Q:你们redis怎么做的分布式
A:我们公司redis用的murmurHash做的分片;
Q:讲讲murmurHash的原理呗
A:额……这块没有深入了解过(真TM掉分)
哈希算法简单来说就是将一个元素映射成另一个元素,可以简单分类两类,
这里说说Jedis中的Shard是如何使用一致性hash的
首先是hash函数,在Jedis中有两种Hash算法可供选择,分别是MurMurHash和MD5. 按照Jedis的说法MurmurHash更快,效果更好些。

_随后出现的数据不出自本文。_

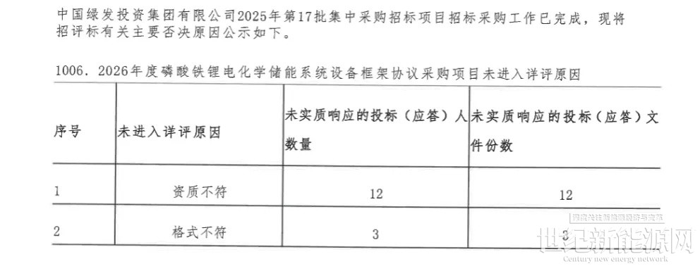 1月6日,中国绿发投资集团2026年度磷酸铁锂电化学储能系统集采的中标候选人,山东电工时代、中车株洲所、许继电科储能、比亚迪、阳光电源、宁德时代6家企业入围。值得注意的是有15家企业未进入详评遭到否决,其中12家因资质不符未实质响应的投标(应答),3家企业因格式不符未实质响应的投标(应答)。

package redis.clients.util;
import java.security.MessageDigest;
import java.security.NoSuchAlgorithmException;
public interface Hashing {
public static final Hashing MURMUR_HASH = new MurmurHash();
public ThreadLocal<MessageDigest> md5Holder = new ThreadLocal<MessageDigest>();
public static final Hashing MD5 = new Hashing() {
public long hash(String key) {
return hash(SafeEncoder.encode(key));
}
public long hash(byte[] key) {
try {
if (md5Holder.get() == null) {
md5Holder.set(MessageDigest.getInstance("MD5"));
}
} catch (NoSuchAlgorithmException e) {
throw new IllegalStateException("++++ no md5 algorythm found");
}
MessageDigest md5 = md5Holder.get();
md5.reset();
md5.update(key);
byte[] bKey = md5.digest();
long res = ((long) (bKey[3] & 0xFF) << 24)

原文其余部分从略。